[Exercise] Please copy all of the data that follows exactly, leaving any pictures out.
___ Data supplied ___
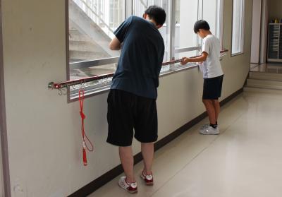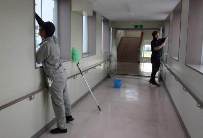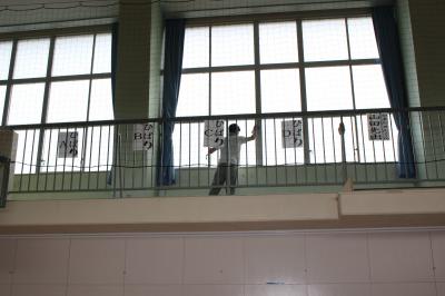 グリーンタウン地区は、体育館観覧席の窓ふきです。
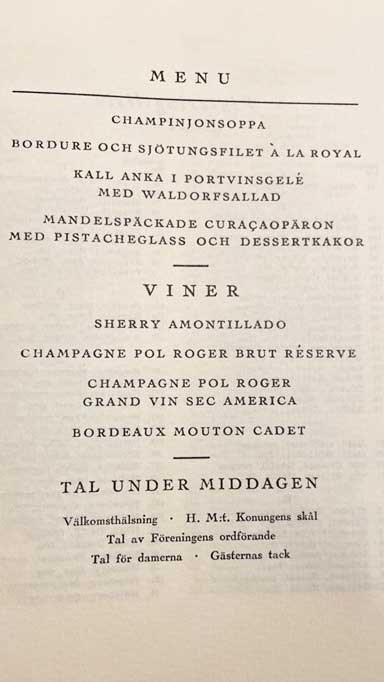 Till detta bjöds drycker av ädla slag, men om det fanns vegetariska alternativ eller alkhoholfria viner framgår inte av menyn.
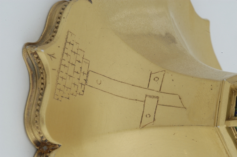 Poinçons (sur le bord de la coupe) : initiales R et D séparées par une hermine, un point sous chaque lettre, une fleur de lys au dessus : maître Richard Drouais ; communauté de Rennes, vers 1630 : hermine passante, lettre R au dessus, lettre A entre les pattes.
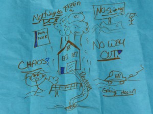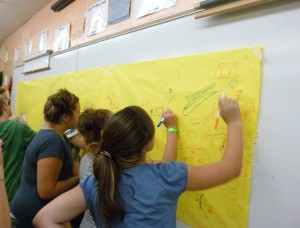 I experienced one of these positive moments during a “back to school” team-building session with students at Twin Valley Middle School (TVMS) in Whitingham, VT. I was scheduled to “kick-off” the school year with community building activities the first week of school. When Irene wreaked havoc on our community, school started a week late. When I arrived to work with students after the delayed start it seemed important to reflect on the flood, and the unusual start to the year along with the excitement, anticipation and stress that comes as a normal part of the beginning of middle school. I engaged students in a reflective activity called “Graffiti Wall” that I learned from Kasey Errico an educator who attended my workshop at the Association for Experiential Education conference last spring.
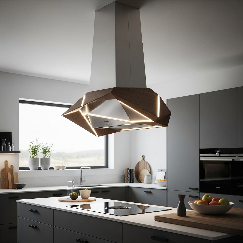 These often come in striking materials like brushed steel, matte black, or even custom wood enclosures that match cabinetry. The surrounding kitchen might be minimalist to let the hood stand out. The mood is bold, professional, and makes a strong design statement.
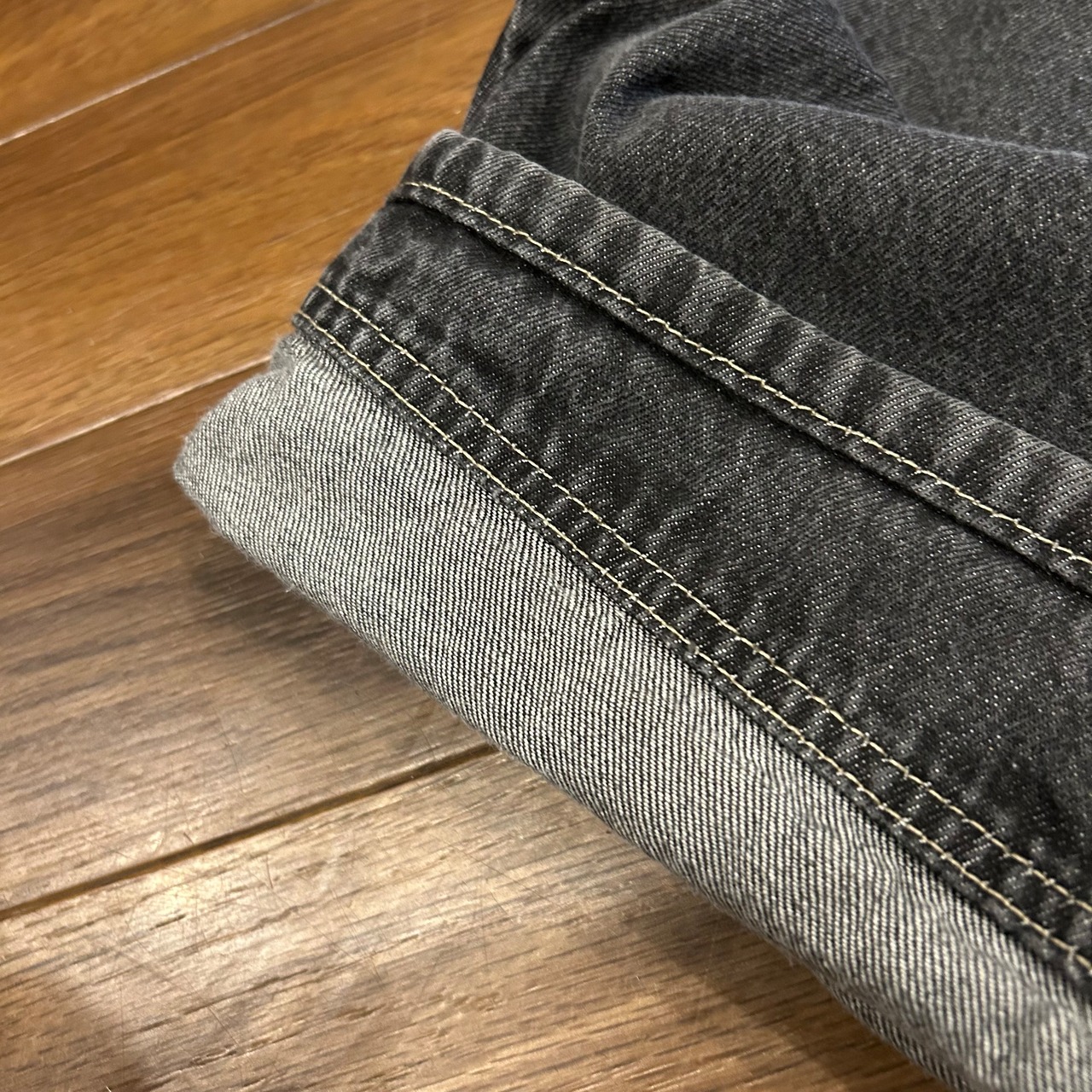 色落ち、ほつれ、1箇所横糸の白が飛び出しています。
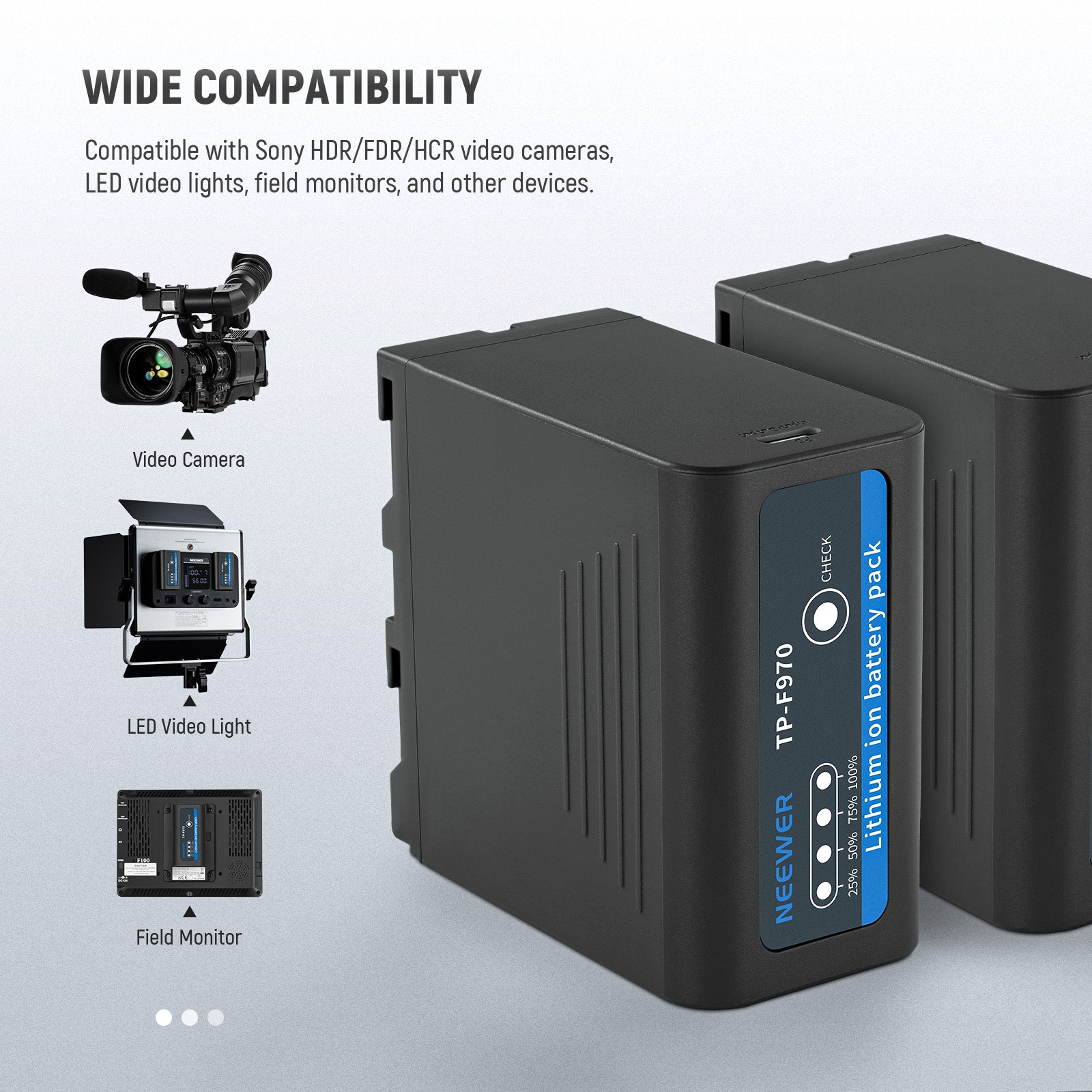- Compatibilité Étendue- Remplace toutes les batteries de la série NP-F, comme : NP-F550 NP-F570 NP-F750 NP-F770 NP-F960 NP-F970 NP-F975. Compatible avec Sony caméras et caméscopes des séries comme CCD-RV CCD-SC CCD-TR CCD-TRT CCD-TRV CVX DSR DCR GV HDR HVL HVR MPK MVC PBD PLM, NEEWER panneaux LED, ring lights et moniteurs de champ.
___
[Answer for this exercise]
 グリーンタウン地区は、体育館観覧席の窓ふきです。
 Till detta bjöds drycker av ädla slag, men om det fanns vegetariska alternativ eller alkhoholfria viner framgår inte av menyn.
 Poinçons (sur le bord de la coupe) : initiales R et D séparées par une hermine, un point sous chaque lettre, une fleur de lys au dessus : maître Richard Drouais ; communauté de Rennes, vers 1630 : hermine passante, lettre R au dessus, lettre A entre les pattes.
 I experienced one of these positive moments during a “back to school” team-building session with students at Twin Valley Middle School (TVMS) in Whitingham, VT. I was scheduled to “kick-off” the school year with community building activities the first week of school. When Irene wreaked havoc on our community, school started a week late. When I arrived to work with students after the delayed start it seemed important to reflect on the flood, and the unusual start to the year along with the excitement, anticipation and stress that comes as a normal part of the beginning of middle school. I engaged students in a reflective activity called “Graffiti Wall” that I learned from Kasey Errico an educator who attended my workshop at the Association for Experiential Education conference last spring.
 These often come in striking materials like brushed steel, matte black, or even custom wood enclosures that match cabinetry. The surrounding kitchen might be minimalist to let the hood stand out. The mood is bold, professional, and makes a strong design statement.
 色落ち、ほつれ、1箇所横糸の白が飛び出しています。
- Compatibilité Étendue- Remplace toutes les batteries de la série NP-F, comme : NP-F550 NP-F570 NP-F750 NP-F770 NP-F960 NP-F970 NP-F975. Compatible avec Sony caméras et caméscopes des séries comme CCD-RV CCD-SC CCD-TR CCD-TRT CCD-TRV CVX DSR DCR GV HDR HVL HVR MPK MVC PBD PLM, NEEWER panneaux LED, ring lights et moniteurs de champ.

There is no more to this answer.